> WHAT YOU NEED TO DO: Set down, exactly and only, everything from the line containing "Poef Foster is" down to the line containing "1勺料酒 1勺糖 1勺淀粉 1勺生抽 抓匀 先把肉碎腌制10分钟" in the data below; the pictures are not part of the copy.
--- DATA EXTRACT ---
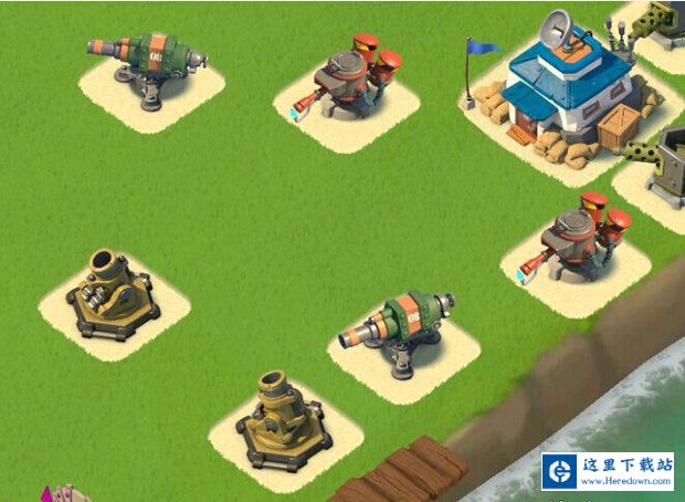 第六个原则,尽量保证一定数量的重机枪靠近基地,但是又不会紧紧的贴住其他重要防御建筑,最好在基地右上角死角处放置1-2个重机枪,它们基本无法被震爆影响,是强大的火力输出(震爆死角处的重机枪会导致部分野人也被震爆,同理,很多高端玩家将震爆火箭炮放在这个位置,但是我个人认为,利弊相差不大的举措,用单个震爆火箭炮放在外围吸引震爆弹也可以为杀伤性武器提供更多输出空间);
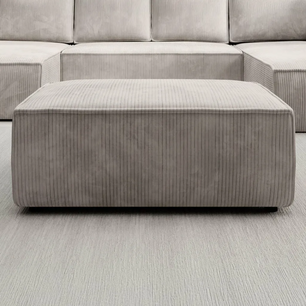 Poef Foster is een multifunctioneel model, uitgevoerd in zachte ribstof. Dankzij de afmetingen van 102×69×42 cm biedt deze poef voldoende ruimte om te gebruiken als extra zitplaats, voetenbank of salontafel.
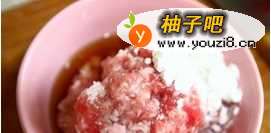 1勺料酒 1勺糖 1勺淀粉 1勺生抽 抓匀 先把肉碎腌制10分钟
---
--- DATA EXTRACT ---
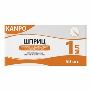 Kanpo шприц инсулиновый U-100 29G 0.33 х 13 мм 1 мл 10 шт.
---
--- DATA EXTRACT ---
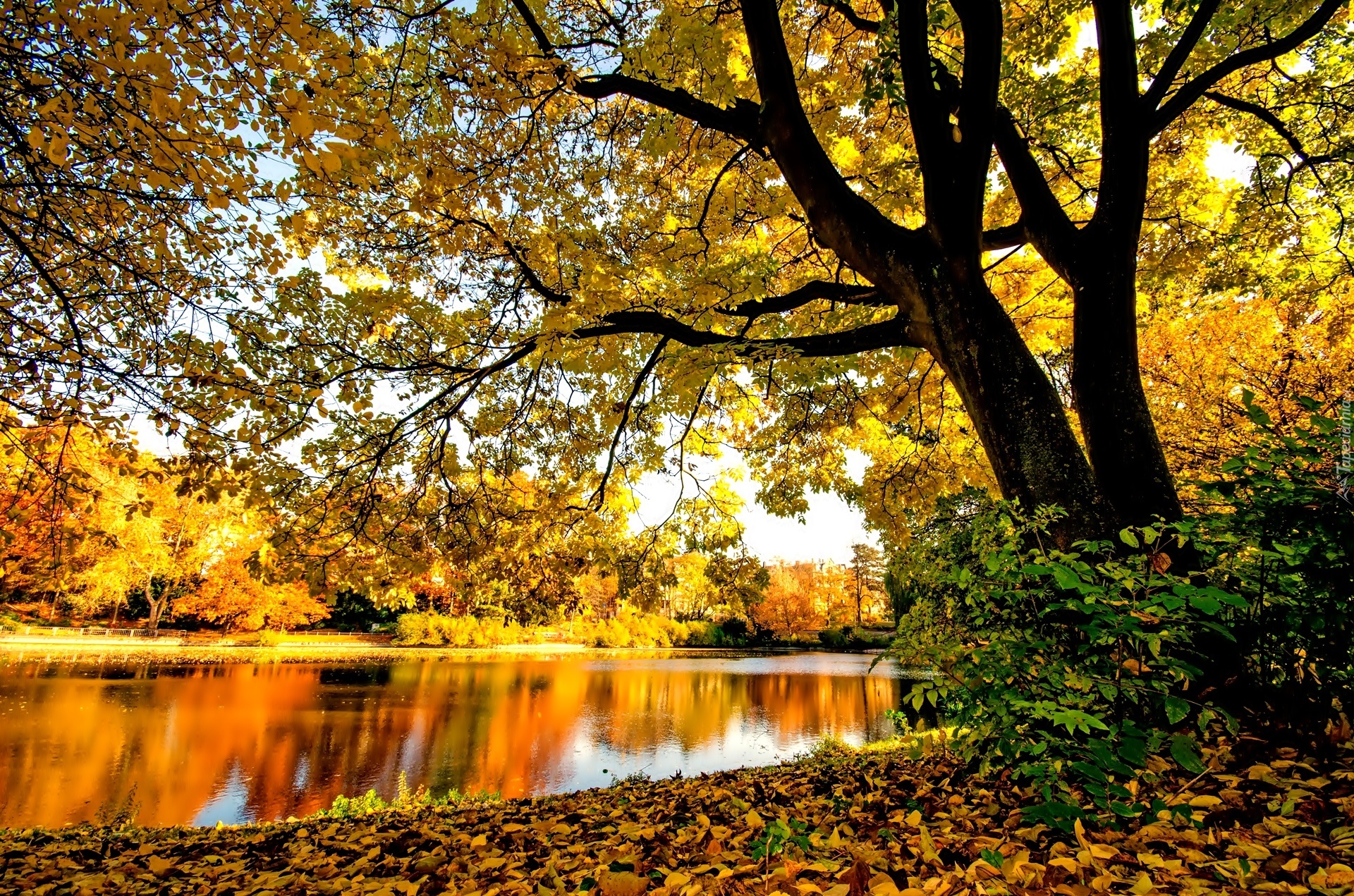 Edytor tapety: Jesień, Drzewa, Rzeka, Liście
---
> FINISHED TASK:
 Poef Foster is een multifunctioneel model, uitgevoerd in zachte ribstof. Dankzij de afmetingen van 102×69×42 cm biedt deze poef voldoende ruimte om te gebruiken als extra zitplaats, voetenbank of salontafel.
 1勺料酒 1勺糖 1勺淀粉 1勺生抽 抓匀 先把肉碎腌制10分钟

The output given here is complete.